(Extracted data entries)
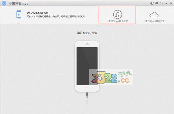 第一步,打開蘋果恢復(fù)大師,點(diǎn)擊【通過 iTunes 備份恢復(fù)】。
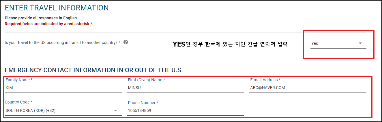 Case1) YES(단순경유지)의 경우, 한국에 있는 지인의 긴급연락처를 입력하면 된다.
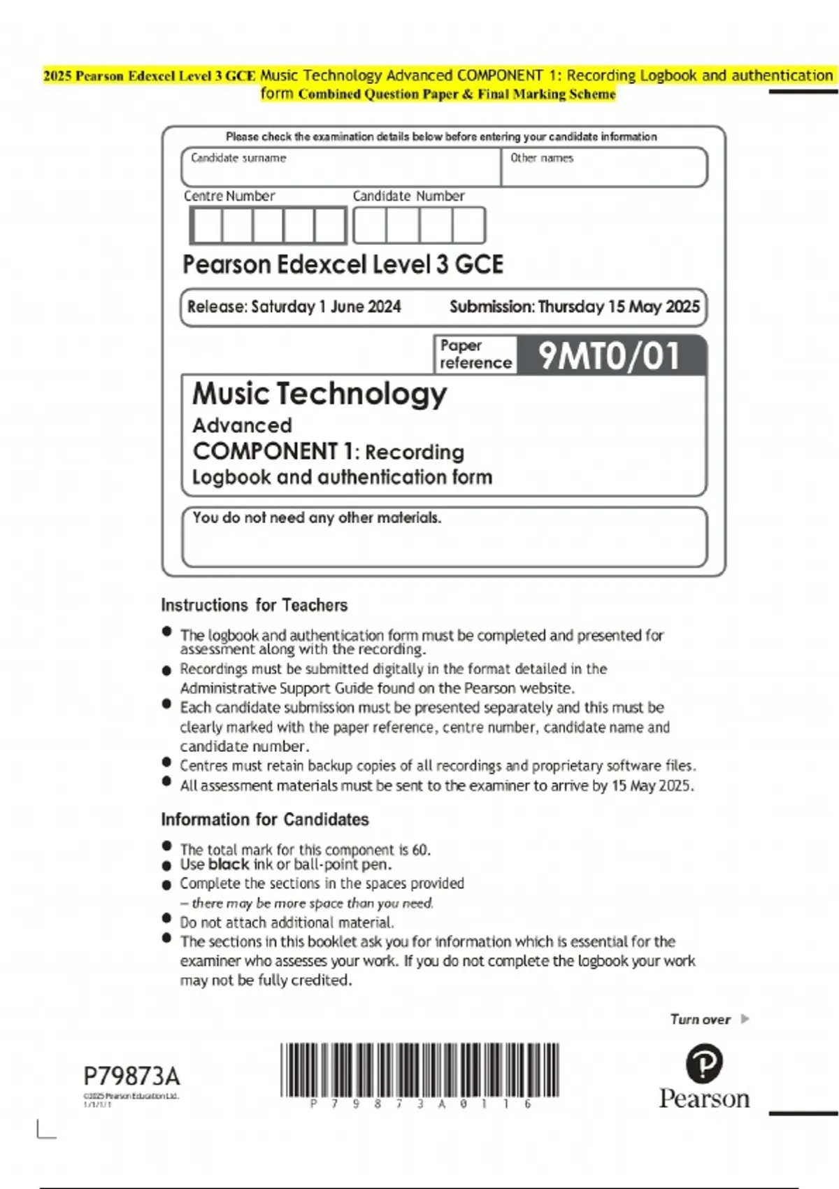 2025 Pearson Edexcel Level 3 GCE Music Technology Advanced COMPONENT 1: Recording Logbook and authentication form Examination Paper and Final Marking Scheme
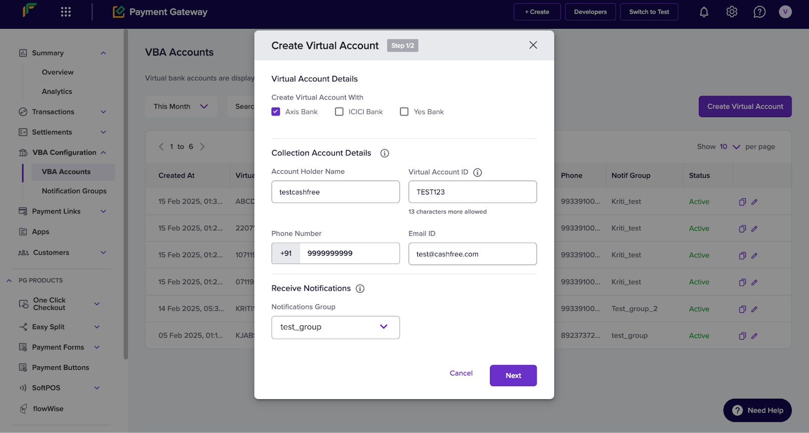 - Click Create Virtual Account.
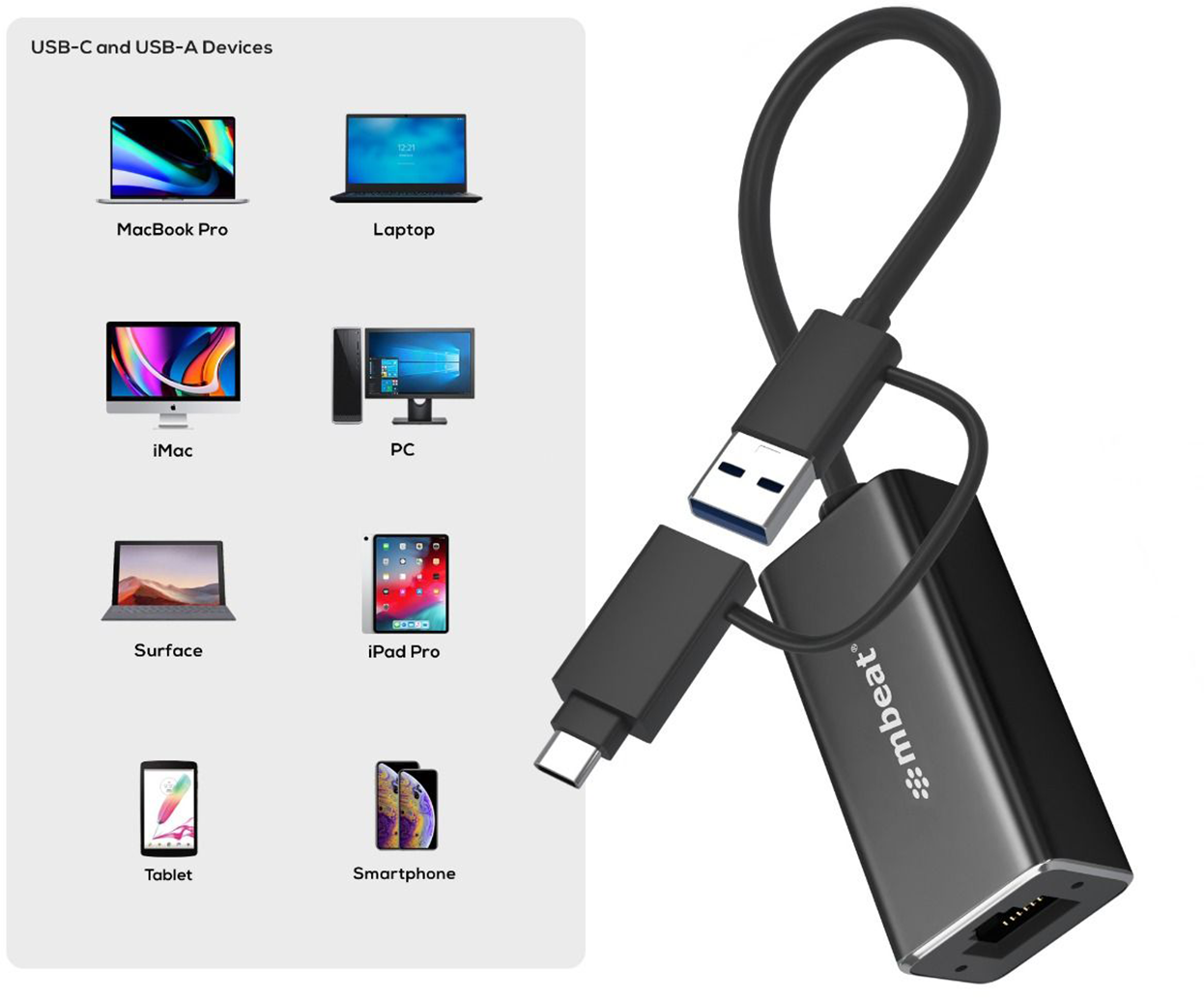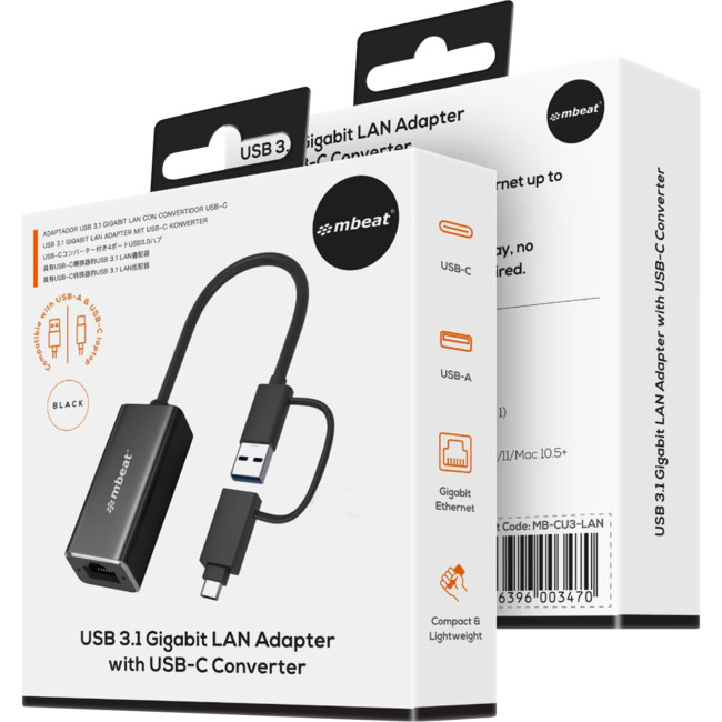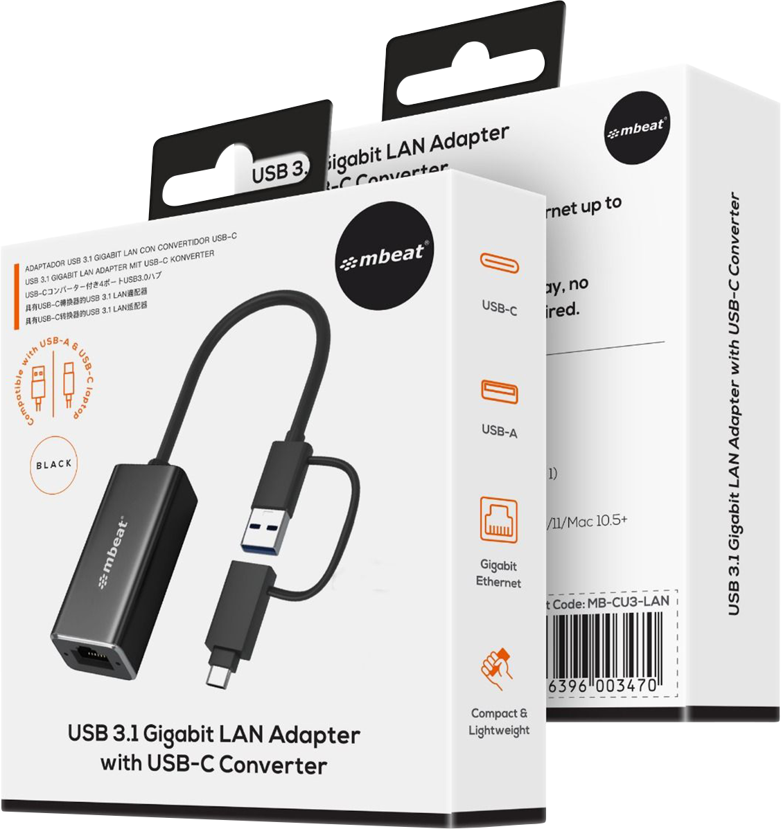 USB 3.1 Gigabit LAN Adapter with USB-C Converter
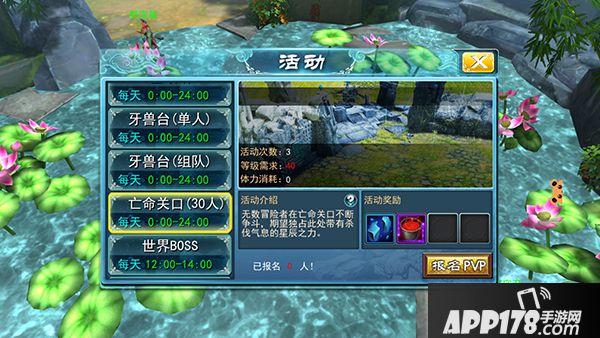 亡命关口是一个30人混战PK战场,在一段时间内玩家们在战场上互相厮杀,倒计时结束后根据击杀情况给予不同的奖励。
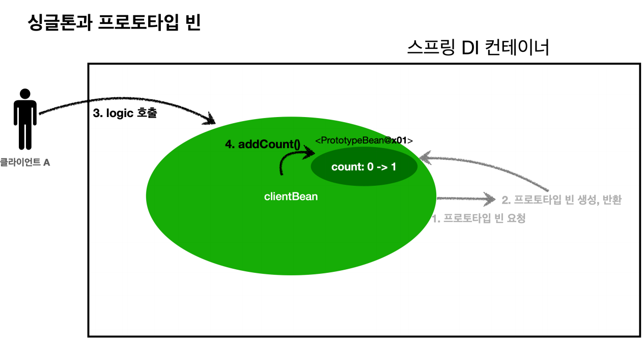 3. 클라이언트 A는 clientBean.logic() 을 호출한다. 4. clientBean 은 prototypeBean의 addCount() 를 호출해서 프로토타입 빈의 count를 증가한다.
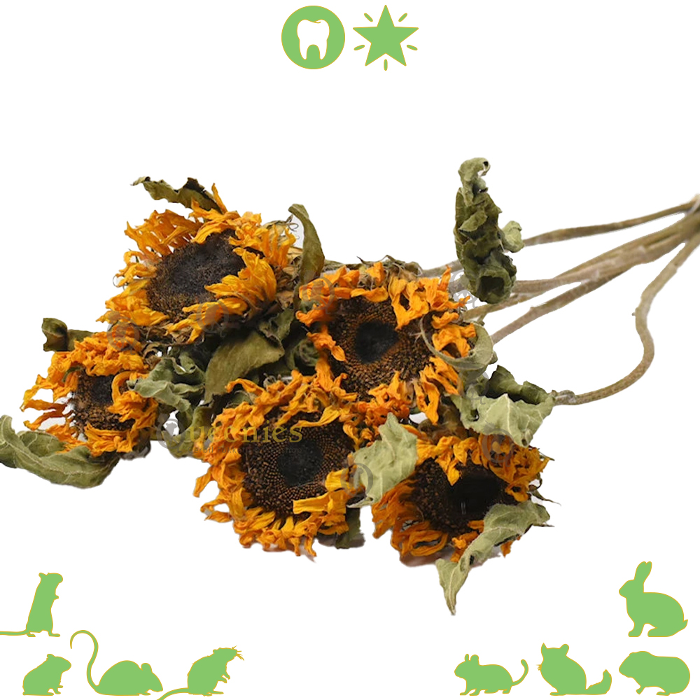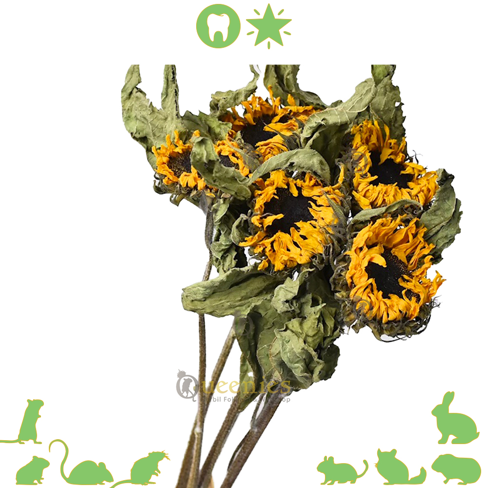 Wij raken niet uitgekeken op deze prachtige Gedroogde Zonnebloem! Staat werkelijk schitterend in ieder Knaagdieren terrarium! Het staat niet alleen prachtig, de Gerbils, of andere kleine knaagdieren hebben hier ook direct een flink lekkere snack aan! Niet alleen aan de zonnebloemen die in de bloem zitten doen het goed bij alle knaagdieren, maar ook juist de zonnebloemblaadjes zullen de Gerbils of Hamsters naar hartelust op smikkelen! Omdat deze Zonnebloem Mini is zult u geen pitjes terugzien in deze Zonnebloemen. Deze gedroogde Zonnebloem met stengel en bladeren is ter decoratie of voor de Zonnebloemblaadjes die een positief effect heeft op de gezondheid van uw huisdier. Deze gedroogde Zonnebloem heeft dus eigenlijk 3 functies. Knagen en knabbelen, Geneeskrachtige eigenschappen ( Zonnebloem blaadjes ) en het is een verrijking voor in een Hamsterscape.

[Exercise brief] Using the data above, return the lines from the one holding "Case1) YES(단순경유지)의 경우, 한국에" through the one holding "3. 클라이언트 A는" exactly, but not the pictures.

[Problem solution]
 Case1) YES(단순경유지)의 경우, 한국에 있는 지인의 긴급연락처를 입력하면 된다.
 2025 Pearson Edexcel Level 3 GCE Music Technology Advanced COMPONENT 1: Recording Logbook and authentication form Examination Paper and Final Marking Scheme
 - Click Create Virtual Account.
 USB 3.1 Gigabit LAN Adapter with USB-C Converter
 亡命关口是一个30人混战PK战场,在一段时间内玩家们在战场上互相厮杀,倒计时结束后根据击杀情况给予不同的奖励。
 3. 클라이언트 A는 clientBean.logic() 을 호출한다. 4. clientBean 은 prototypeBean의 addCount() 를 호출해서 프로토타입 빈의 count를 증가한다.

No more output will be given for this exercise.